The Supreme Court could eventually review USF False Claim Act (FCA) litigation, a lawyer in one of the cases said at an FCBA seminar Wednesday. Vinson & Elkins attorney Jeremy Marwell said fraud allegations against recipients of USF support don’t qualify under the FCA, but he acknowledged it’s a “close question,” particularly in light of mixed court rulings to date. While Marwell was on the winning side of a July 2014 E-rate decision by the 5th U.S. Circuit Court of Appeals, which ruled the FCA doesn’t apply to USF programs (United States ex rel. Shupe v. Cisco, No. 13-40807), other cases are pending in the 7th Circuit and D.C. Circuit, which could create a circuit split. Marwell said he “wouldn’t be surprised” if the cases go to the high court.
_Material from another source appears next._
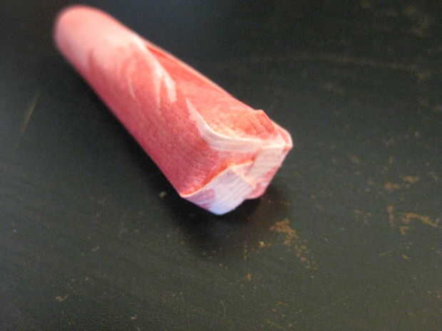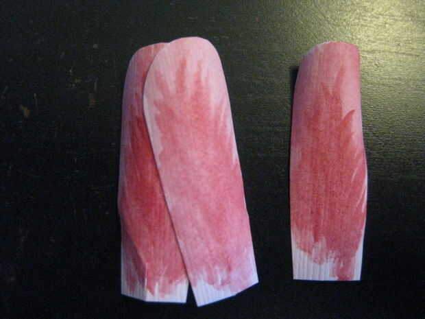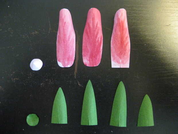 Después de pintar todos los pétalos del capullo corta 4 hojas para cada brote, yo los curvos en una cuchara, así. Hacer un cono poco superficial de papel rosa, esto irá en la punta de la yema para cerrar para arriba.

AT&T compared FCC partial relief for telcos to a kid shoveling only half a sidewalk after a snowstorm. In a blog post Wednesday, Vice President-Federal Regulatory Hank Hultquist noted the FCC in December partially denied a USTelecom petition that the agency forbear from applying various regulations, including a request that price-cap ILECs be relieved of universal service obligations where they no longer receive USF support (see 1512170052). “In explaining this denial, the FCC sounds an awful lot like a kid explaining why he shoveled only part of the sidewalk,” he said. “Of course, the FCC knows that it has not provided sufficient universal service support for these high-cost and extremely high-cost areas. But it hopes to escape its responsibility by invoking the farcical claim that price cap ILECs continue to be 'eligible' for other universal service support (e.g., Lifeline) in these areas.” Hultquist termed “ridiculous” FCC arguments that USTelecom didn't make the case for USF relief and that AT&T data was lacking because the agency didn’t adopt a related cost model. "If the FCC doesn’t want to fund universal service obligations in these areas, it should just get rid of them, as USTelecom asked it to do,” he said. “Unfortunately, the FCC appears determined to try to maintain the obligations without taking responsibility for them. I think it’s time for someone -- like an appellate court or Congress -- to tell them to pick up the shovel and do the job right.” AT&T has challenged the order and a related previous order in court (see 1601110036). The FCC had no comment Wednesday. Chairman Tom Wheeler had proposed some extra USF voice support for carriers, but Commissioner Ajit Pai said it was inadequate and an agency majority didn't vote for it.